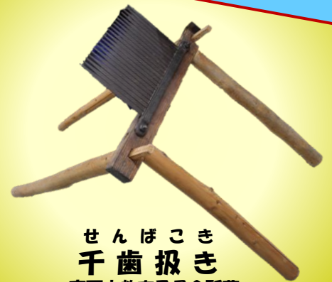
せんぼこき 千齒扱き 高石市教育委員会所蔵
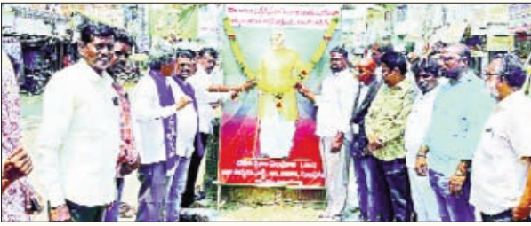
నర్సంపేట, ఏప్రిల్ 5, ప్రభాతవార్త
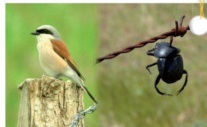
Pespièche écorchée & son Laridior (gandé mangier)
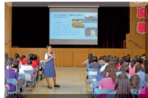
▲基礎服務學習講座—志工發展趨勢
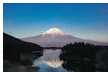
一度は見たい! 田貫湖からの富士山
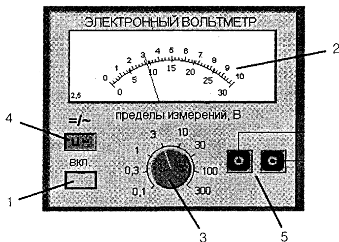
Рис П.1.9. Внешний вид модели электронного аналогового вольтметра
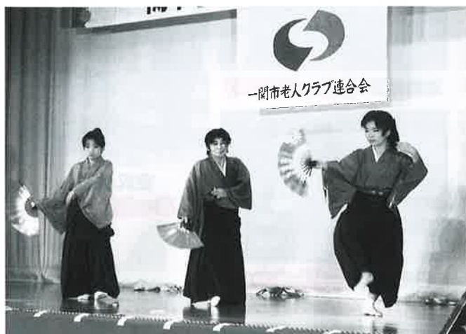
油島地区上油田クラブ『これから音頭』

また、入場料の一部と会場内で募ったチャリティー募金の44,787円は、一関市社会福祉協議会花泉支部に寄付をいただきました。
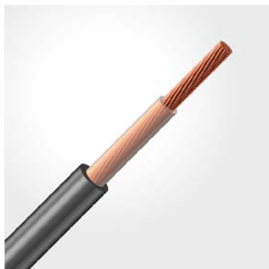
Нормативная документация ТУ 16.К13-029-2002
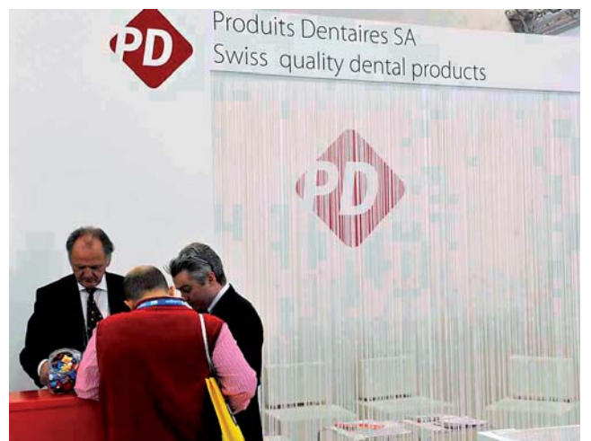
Produits Dentaires. Produkte für Endo, Restaurationen, Hygiene, Medical.
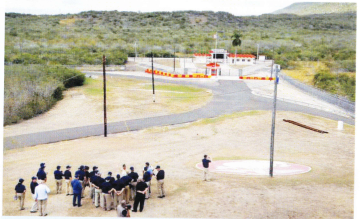
Puerta a Cuba
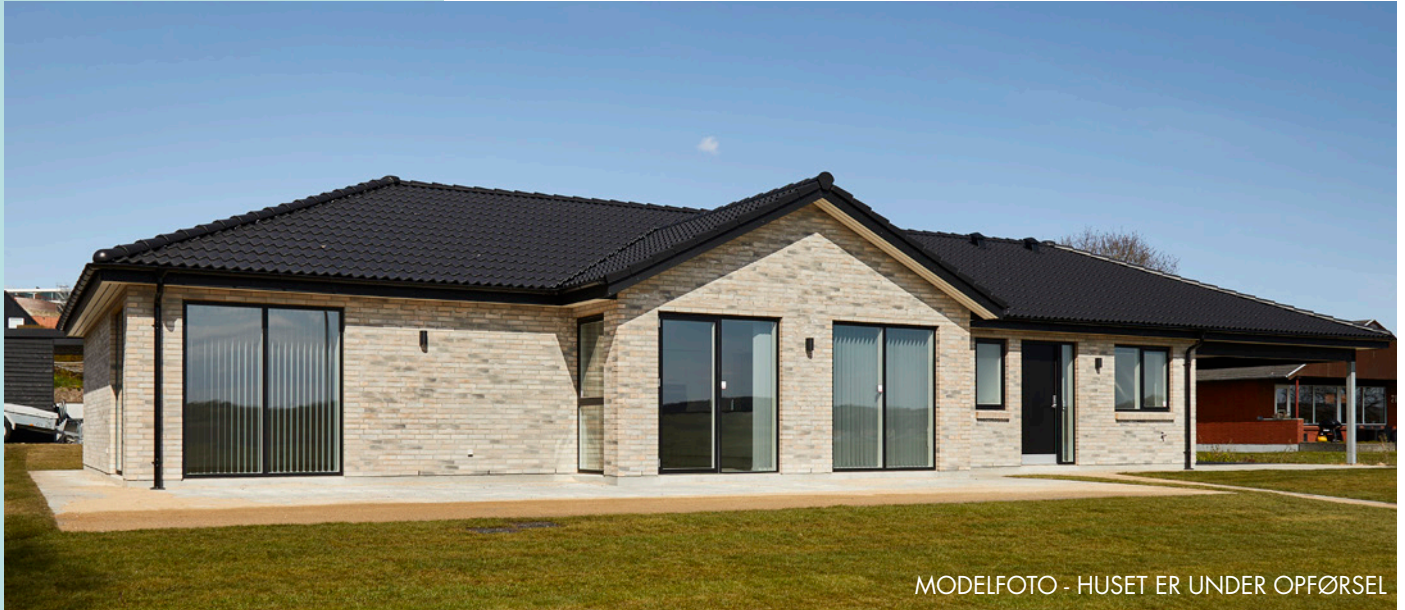
MODELFOTO - HUSET ER UNDER OPFØRSEL
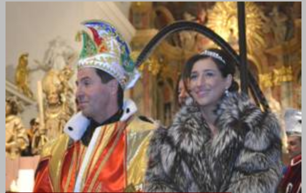
Das Würzburger Prinzenpaar Fotograf Daniel Büttner
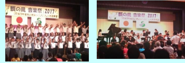
【はじける若さ!】 【ルプールの10回目の参加】
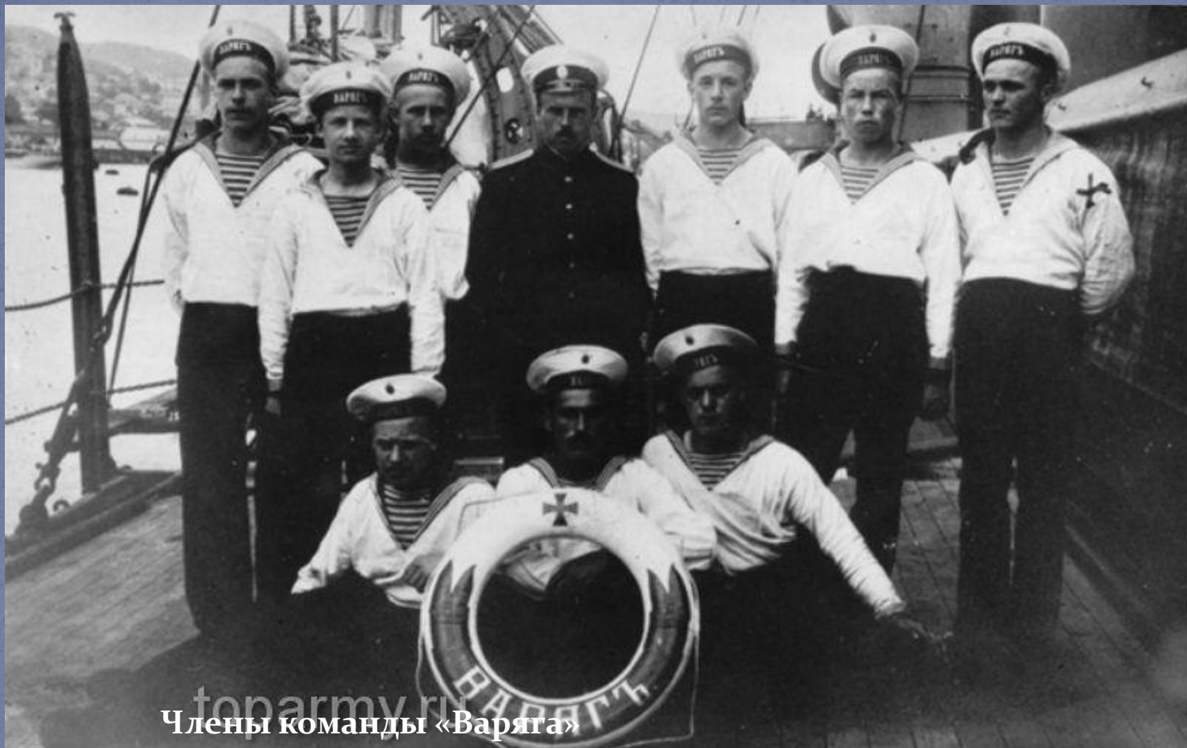
Члены команды «Варяга»
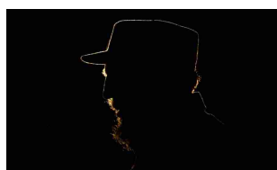
15/08/2013 Cuba: Fidel, Raul and the cardinal
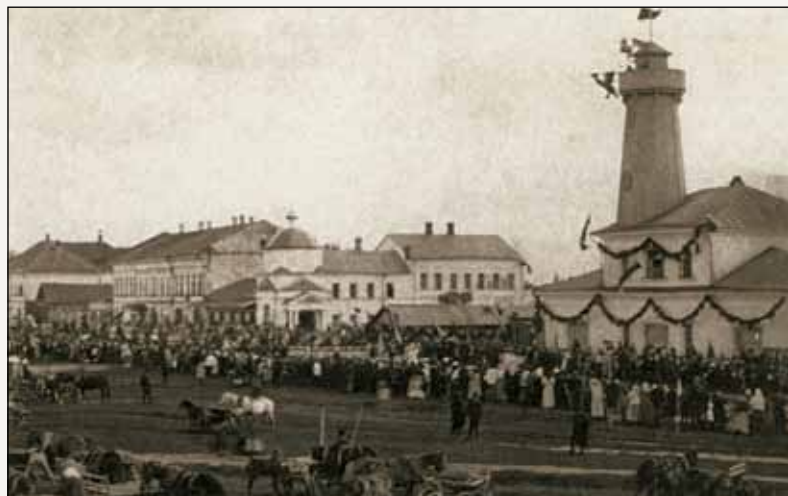
Молога. Пожарное депо. Фото начала XX века

С Мологской землей связаны имена многих известных художников, поэтов, ученых, артистов. Особенно хочется вспомнить имя выдающегося деятеля русской культуры, неутомимого собирателя и исследователя русской старины – графа Алексея Ивановича Мусина-Пушкина. Он стал издателем многих исторических произведений, в том числе «Слова о полку Игореве». Родовые усадьбы Мусиных-Пушкиных – Иловна и Борисоглеб – были настоящим украшением Мологской земли. И еще одно известное имя. Замечательный русский художник-изограф, академик историче-
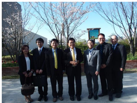
福田校長與代表團於校園內合影
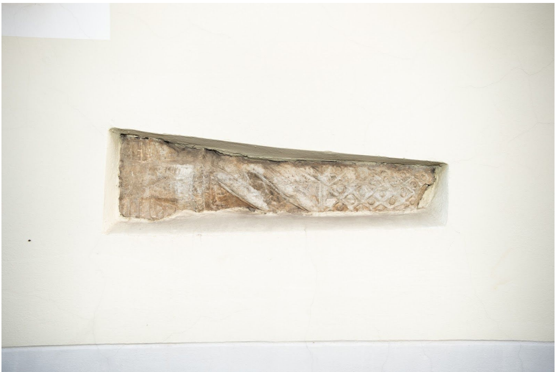
Pilt 35. Rüütli 16 fragment tänapäeval.
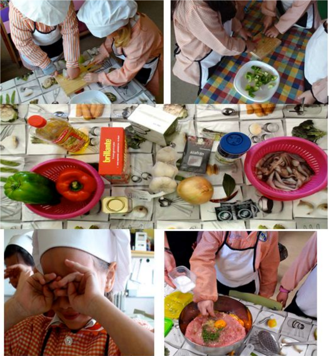
programa de las cocinas? Este de los niños/as se elabora un
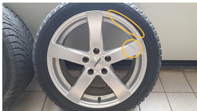
1.3 Kantkjørt felg 2 vinterhjul
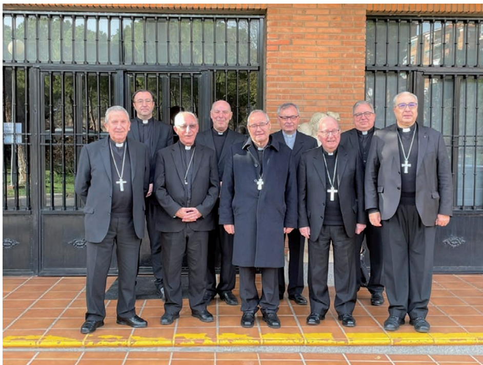
Obispos y vicarios de la provincia eclesiástica de Toledo

El mismo día, 5 de diciembre, cuando se celebraba el Día Internacional del Voluntariado, los obispos de la provincia eclesiástica hicieron pública una carta conjunta a los voluntarios de Cáritas en la que agradecen que haya «miles de hombres y
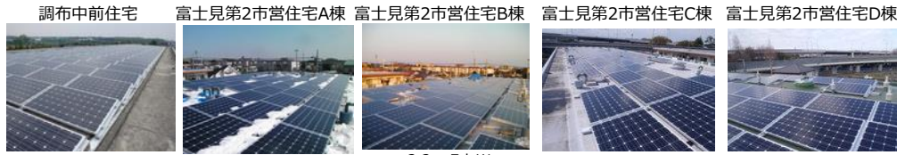
50.0 kW 20.1 kW 22.7 kW 22.7 kW 22.7 kW
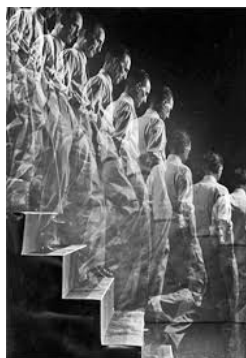
Duchamp-Nudo che scende le scale

Un altro personaggio fondamentale per le sue sperimentazioni sarà anche Etienne Marey, che elabora il metodo detto cronofotografia su lastra fissa, sulla quale registra le varie sequenze di un movimento, mentre una decina di anni dopo riprodurrà le varie fasi in successione del movimento non più su lastra
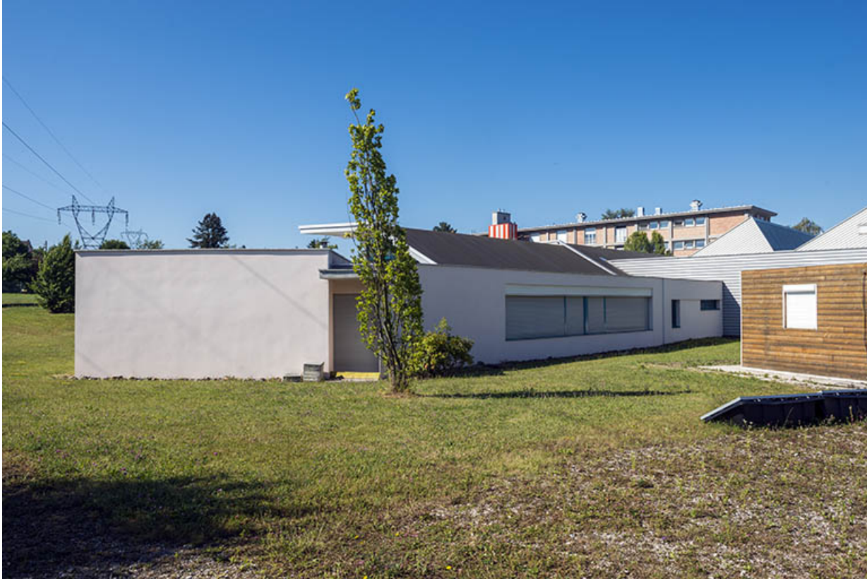
Façade postérieure nord de la plasturgie. (ex-Léger)
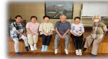
皆が集まって運動することで、元気いっぱい。楽しく運動しています。どなたでもご参加ください。

⑭ サークルさくら ✿ 楠目地区老人憩いの家 毎週木曜日 10時～ オリジナル体操・ストレッチ
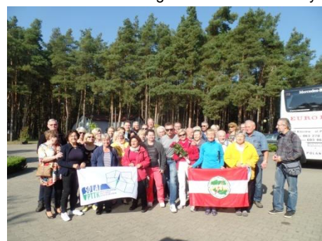
Pożegnanie z WIELSPINEM
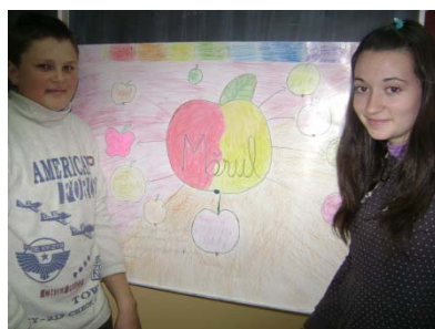
Figura 2 Activitatea „Mărul”
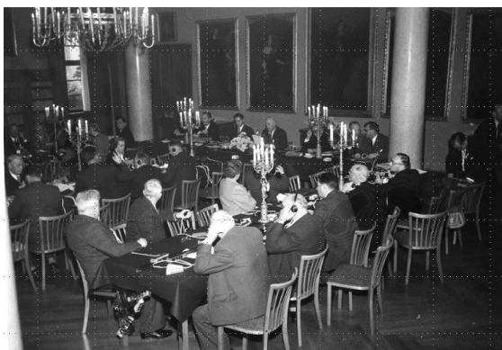
3. Europäischer Gemeindetag in Bad Homburg, 1956.
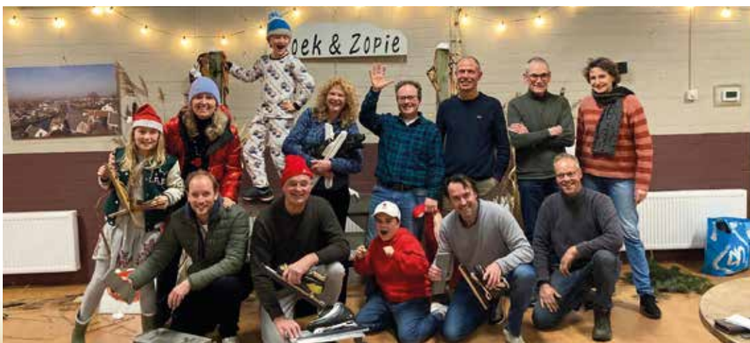
Afgelopen zaterdag was het gezellig druk bij de gratis workshop schaatsen slijpen in het Dorpshuis, georganiseerd door IJclub Voorwaarts.
-=-=-
About this exercise:
Leaving the pictures aside, write out the entries above exactly.

Answer to this exercise:
せんぼこき 千齒扱き 高石市教育委員会所蔵
నర్సంపేట, ఏప్రిల్ 5, ప్రభాతవార్త
Pespièche écorchée & son Laridior (gandé mangier)
▲基礎服務學習講座—志工發展趨勢
一度は見たい! 田貫湖からの富士山
Рис П.1.9. Внешний вид модели электронного аналогового вольтметра
油島地区上油田クラブ『これから音頭』

また、入場料の一部と会場内で募ったチャリティー募金の44,787円は、一関市社会福祉協議会花泉支部に寄付をいただきました。
Нормативная документация ТУ 16.К13-029-2002
Produits Dentaires. Produkte für Endo, Restaurationen, Hygiene, Medical.
Puerta a Cuba
MODELFOTO - HUSET ER UNDER OPFØRSEL
Das Würzburger Prinzenpaar Fotograf Daniel Büttner
【はじける若さ!】 【ルプールの10回目の参加】
Члены команды «Варяга»
15/08/2013 Cuba: Fidel, Raul and the cardinal
Молога. Пожарное депо. Фото начала XX века

С Мологской землей связаны имена многих известных художников, поэтов, ученых, артистов. Особенно хочется вспомнить имя выдающегося деятеля русской культуры, неутомимого собирателя и исследователя русской старины – графа Алексея Ивановича Мусина-Пушкина. Он стал издателем многих исторических произведений, в том числе «Слова о полку Игореве». Родовые усадьбы Мусиных-Пушкиных – Иловна и Борисоглеб – были настоящим украшением Мологской земли. И еще одно известное имя. Замечательный русский художник-изограф, академик историче-
福田校長與代表團於校園內合影
Pilt 35. Rüütli 16 fragment tänapäeval.
programa de las cocinas? Este de los niños/as se elabora un
1.3 Kantkjørt felg 2 vinterhjul
Obispos y vicarios de la provincia eclesiástica de Toledo

El mismo día, 5 de diciembre, cuando se celebraba el Día Internacional del Voluntariado, los obispos de la provincia eclesiástica hicieron pública una carta conjunta a los voluntarios de Cáritas en la que agradecen que haya «miles de hombres y
50.0 kW 20.1 kW 22.7 kW 22.7 kW 22.7 kW
Duchamp-Nudo che scende le scale

Un altro personaggio fondamentale per le sue sperimentazioni sarà anche Etienne Marey, che elabora il metodo detto cronofotografia su lastra fissa, sulla quale registra le varie sequenze di un movimento, mentre una decina di anni dopo riprodurrà le varie fasi in successione del movimento non più su lastra
Façade postérieure nord de la plasturgie. (ex-Léger)
皆が集まって運動することで、元気いっぱい。楽しく運動しています。どなたでもご参加ください。

⑭ サークルさくら ✿ 楠目地区老人憩いの家 毎週木曜日 10時～ オリジナル体操・ストレッチ
Pożegnanie z WIELSPINEM
Figura 2 Activitatea „Mărul”
3. Europäischer Gemeindetag in Bad Homburg, 1956.
Afgelopen zaterdag was het gezellig druk bij de gratis workshop schaatsen slijpen in het Dorpshuis, georganiseerd door IJclub Voorwaarts.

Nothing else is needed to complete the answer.